Resolve “Error loading Login” and ShiftedDate frontend error in Headlamp Helm chart (#4033)

[Manas-Dikshit]

Fixes #4033
— “Digital Ocean - Error loading Login”
Summary
This PR addresses both the backend login issue and frontend rendering error reported in issue #4033 when deploying Headlamp via Helm on DigitalOcean Kubernetes (and similar managed clusters).

Root Cause
The backend was not correctly configured to use the in-cluster Kubernetes config, leading to:
error loading kubeconfig files: error reading kubeconfig file: open : no such file or directory

The frontend was using an older image version that triggered:
TypeError: Class constructor ShiftedDate cannot be invoked without 'new'

Fix Implemented
Enabled in-cluster mode explicitly:

config:
inCluster: true

Added explicit backend arguments and environment variables:

extraArgs:

• "--in-cluster"
  extraEnv:
• name: HEADLAMP_IN_CLUSTER
  value: "true"

Pinned Headlamp image version to 0.37.0, which resolves the ShiftedDate frontend error.
Ensured service account and cluster role binding are properly created for OIDC login.

Files Updated
charts/headlamp/values.yaml
Testing
Deployed updated chart via Helm:
helm upgrade --install headlamp ./charts/headlamp -f values.yaml

Verified:
Backend successfully loads in-cluster configuration.
OIDC login flow completes without “Error loading login”.
Frontend loads correctly without ShiftedDate error.

Tested on:
DigitalOcean Kubernetes
Minikube (local)

Result
Headlamp now authenticates properly via OIDC, runs cleanly in-cluster, and the frontend loads without JS exceptions.

[k8s-ci-robot]

[APPROVALNOTIFIER] This PR is NOT APPROVED

This pull-request has been approved by: Manas-Dikshit
Once this PR has been reviewed and has the lgtm label, please assign sniok for approval. For more information see the Code Review Process.

The full list of commands accepted by this bot can be found here.

Needs approval from an approver in each of these files:

• OWNERS

Approvers can indicate their approval by writing /approve in a comment
Approvers can cancel approval by writing /approve cancel in a comment

[linux-foundation-easycla]

The committers listed above are authorized under a signed CLA.

• ✅ login: Manas-Dikshit / name: Manas Ranjan Dikshit (83904a1)

[k8s-ci-robot]

Welcome @Manas-Dikshit!

It looks like this is your first PR to kubernetes-sigs/headlamp 🎉. Please refer to our pull request process documentation to help your PR have a smooth ride to approval.

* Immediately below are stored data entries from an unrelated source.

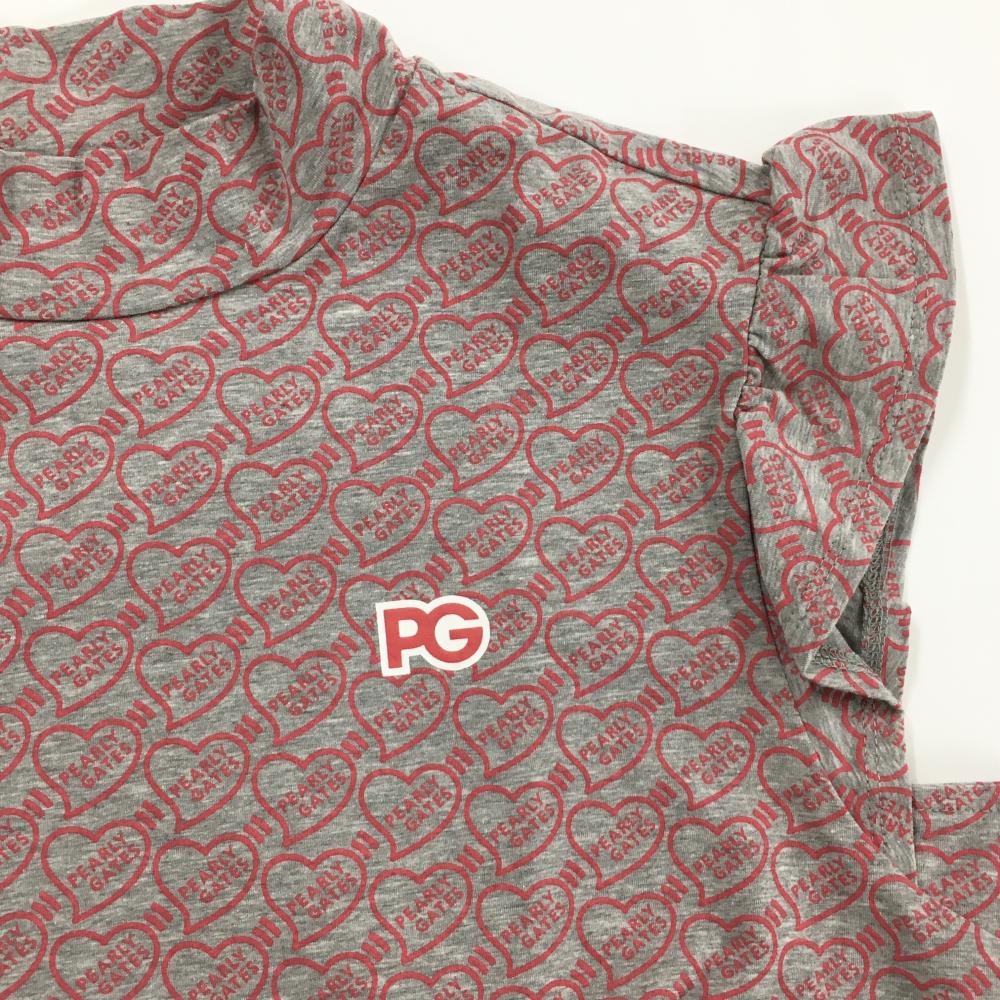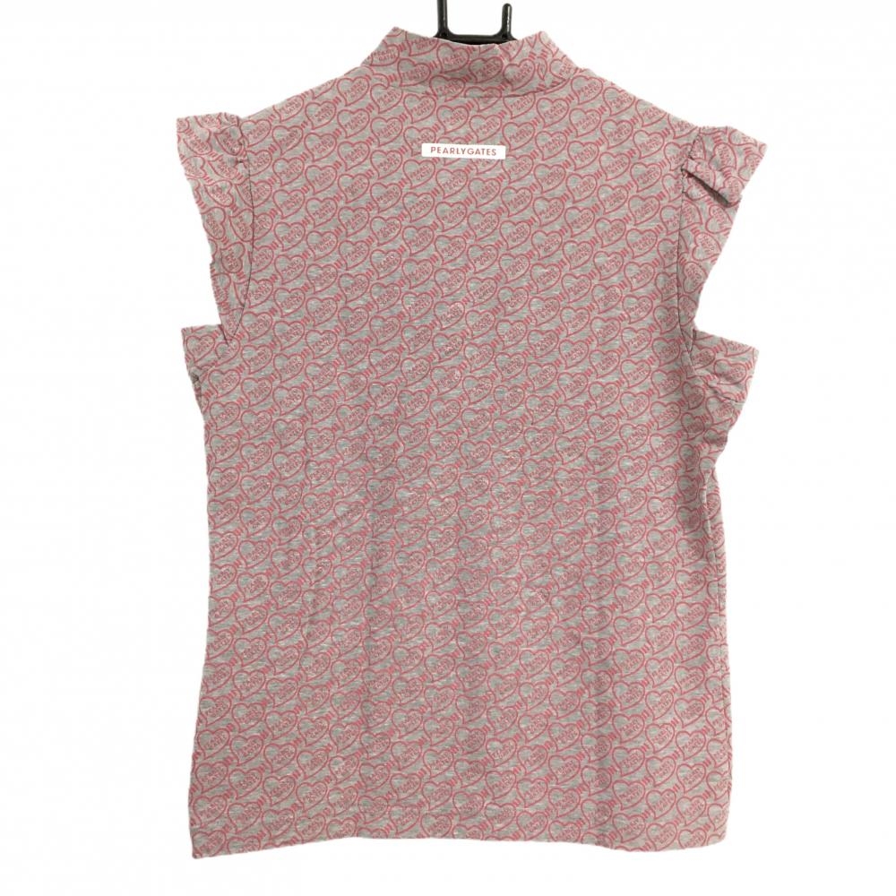 【超美品】パーリーゲイツ ノースリーブハイネックシャツ グレー×ピンク ハート柄 ロゴ レディース 0(S) ゴルフウェア PEARLY GATES
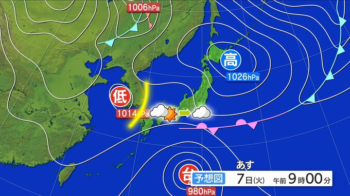 7日(火)午後はだんだんと雲が主役に 湿度が高めで蒸し暑い
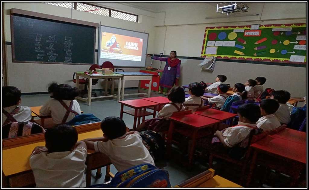 An informative talk on Guru Purnima was given by the class teachers through a PowerPoint Presentation. They narrated the story of Aruni and Dhoumya Rishi. Students learnt the values of obedience and hard workfrom the story of Aruni.
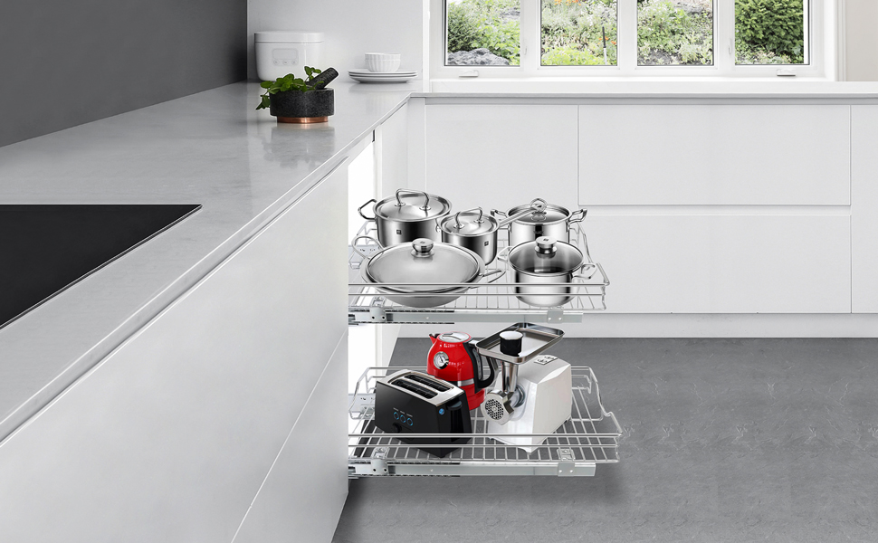 Toàn bộ sản phẩm sử dụng inox 304 xước mờ toàn phần, có khả năng chống gỉ, chống ăn mòn cao, rất phù hợp với môi trường bếp Việt Nam. Ray âm giảm chấn tải trọng lớn (~30kg) đảm bảo thao tác kéo – mở nhẹ nhàng, không gây tiếng động.

You will be prompted by a bot to use commands during the review process. Do not be afraid to follow the prompts! It is okay to experiment. Here is the bot commands documentation.

You can also check if kubernetes-sigs/headlamp has its own contribution guidelines.

You may want to refer to our testing guide if you run into trouble with your tests not passing.

If you are having difficulty getting your pull request seen, please follow the recommended escalation practices. Also, for tips and tricks in the contribution process you may want to read the Kubernetes contributor cheat sheet. We want to make sure your contribution gets all the attention it needs!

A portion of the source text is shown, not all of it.